Data excerpts:

--- START ---

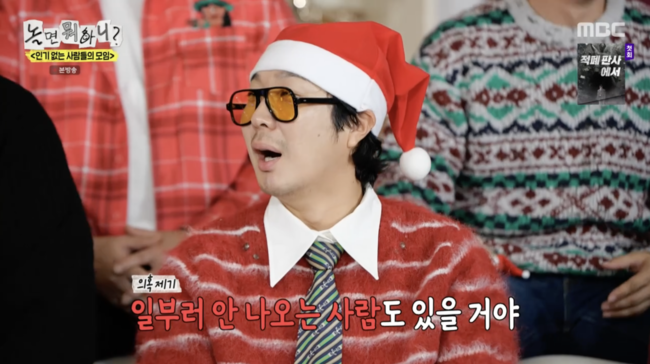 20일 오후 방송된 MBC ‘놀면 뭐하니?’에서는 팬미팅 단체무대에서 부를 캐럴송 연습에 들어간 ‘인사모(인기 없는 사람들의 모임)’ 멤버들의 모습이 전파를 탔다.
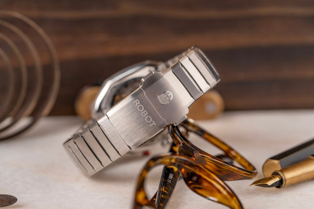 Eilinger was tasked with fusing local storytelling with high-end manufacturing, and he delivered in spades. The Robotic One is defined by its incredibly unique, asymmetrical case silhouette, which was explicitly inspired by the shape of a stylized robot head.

--- END ---
--- START ---

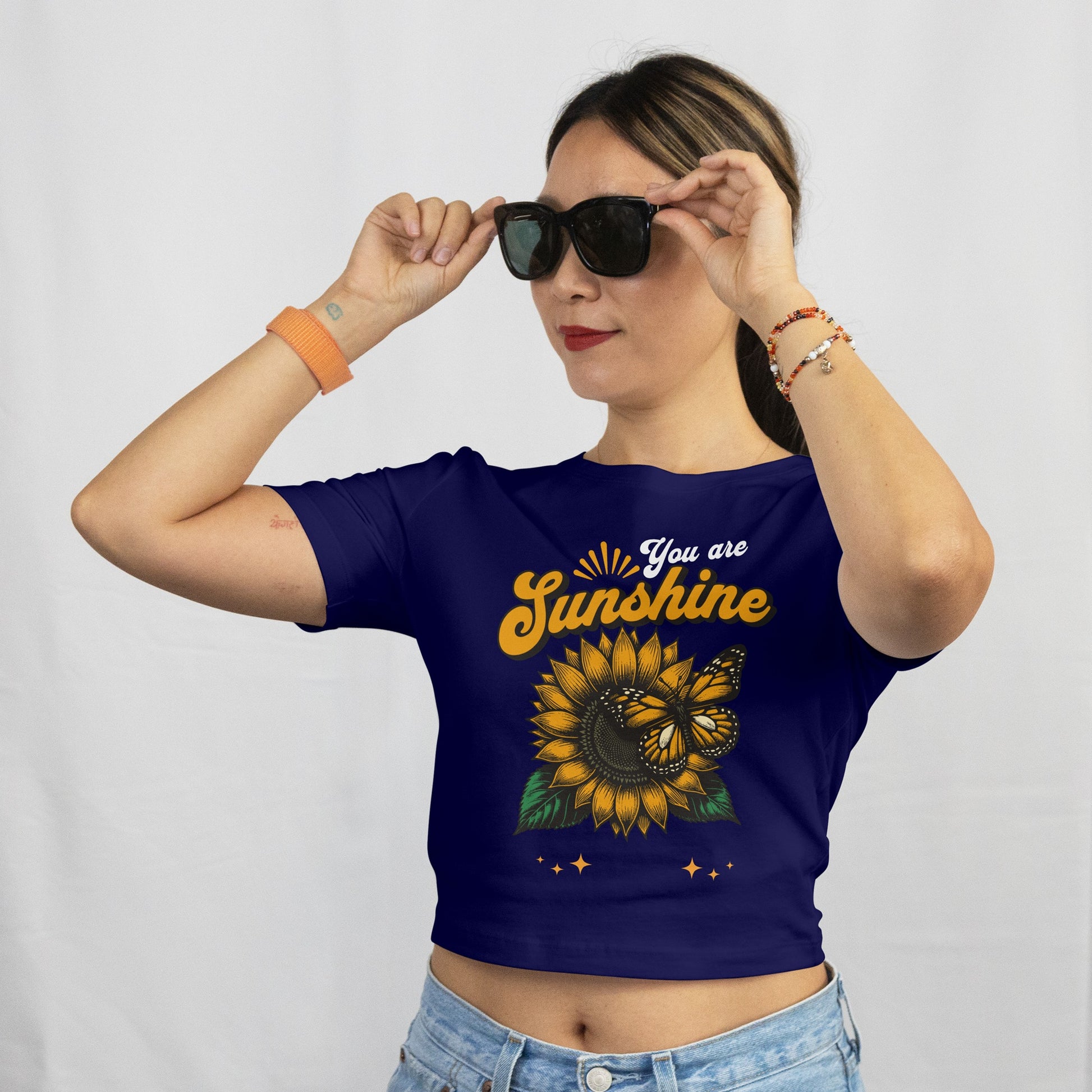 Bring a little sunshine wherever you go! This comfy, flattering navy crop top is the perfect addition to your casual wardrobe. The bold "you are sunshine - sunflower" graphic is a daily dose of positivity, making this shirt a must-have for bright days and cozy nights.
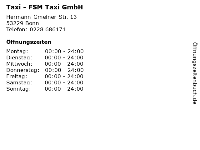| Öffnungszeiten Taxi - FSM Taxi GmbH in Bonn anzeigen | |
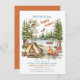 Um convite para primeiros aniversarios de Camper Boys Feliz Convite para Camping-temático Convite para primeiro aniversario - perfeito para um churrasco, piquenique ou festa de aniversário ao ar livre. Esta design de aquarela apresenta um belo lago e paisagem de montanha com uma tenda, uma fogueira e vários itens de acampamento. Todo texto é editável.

--- END ---

Work to be completed: When you reach the line with "20일 오후 방송된 MBC" in the records above, start writing out each line exactly, and stop after the line with "Eilinger was tasked". Pictures stay out.

Your response:
 20일 오후 방송된 MBC ‘놀면 뭐하니?’에서는 팬미팅 단체무대에서 부를 캐럴송 연습에 들어간 ‘인사모(인기 없는 사람들의 모임)’ 멤버들의 모습이 전파를 탔다.
 Eilinger was tasked with fusing local storytelling with high-end manufacturing, and he delivered in spades. The Robotic One is defined by its incredibly unique, asymmetrical case silhouette, which was explicitly inspired by the shape of a stylized robot head.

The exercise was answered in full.